Time and place: September 30th, 13:15, room T5 (CS Otaniemi) and zoom
Speaker: Toni Karvonen, Lappeenranta–Lahti University of Technology LUT
Title: Probabilistic Richardson extrapolation
Abstract: Richardson extrapolation is a classical technique to accelerate the rate of convergence of a numerical method. For example, Romberg's method uses Richardson extrapolation to estimate integrals and the Bulirsch–Stoer algorithm to solve ordinary differential equations.

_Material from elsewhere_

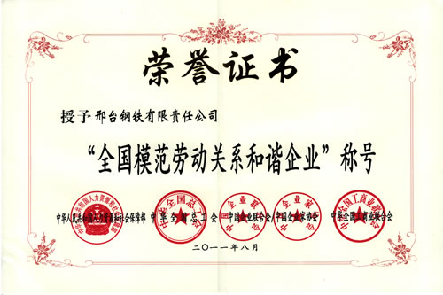 2011年8月,邢鋼榮獲由人力資源和社會(huì)保障部、全國(guó)總工會(huì)、中國(guó)企業(yè)聯(lián)合會(huì)、全國(guó)工商聯(lián)頒發(fā)的“全國(guó)模范勞動(dòng)關(guān)系和諧企業(yè)”榮譽(yù)稱號(hào)。
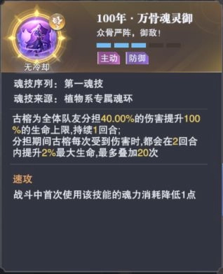 若我们在游戏里想要应对这类魂师,就需要借助一些保护机制。除了与AOE输出相同的三种克制办法外,还能用分担伤害的魂技来应对。在游戏的分担伤害机制中,骨斗罗古榕必然是首推。在对决开始前释放其技能,能保护全体队友分摊伤害,让敏攻系魂师的单体输出转移到自身,从而达成保护阵容完整性的目标。下面,我们先来看看相关技能。

We use a probabilistic Richardson extrapolation method based on Gaussian processes that unifies classical extrapolation methods with multi-fidelity modelling and handles uncertain convergence orders by allowing these to be statistically estimated. Moreover, the probabilistic formulation enables statistical experimental design. We prove that the method achieves a polynomial speed-up compared to the original numerical method and apply it to cardiac modelling.
Preprint: C. J. Oates, T. Karvonen, A. L. Teckentrup, M. Strocchi & S. A. Niederer (2024). Probabilistic Richardson extrapolation. arXiv:2401.07562.
Bio: Toni Karvonen has been an Associate Professor in applied mathematics at the Lappeenranta–Lahti University of Technology LUT since September 2024. He obtained an MSc in applied mathematics from the University of Helsinki in 2015 and a doctoral degree in electrical engineering from Aalto University in 2019. In 2020–21 he was a Research Fellow at the Alan Turing Institute, the UK's national institute for data science and AI located in London, and in 2021–24 an Academy Postdoctoral Researcher in the Department of Mathematics and Statistics at the University of Helsinki. His research focuses on uncertainty quantification and model misspecification in numerical analysis, statistical modelling, and machine learning.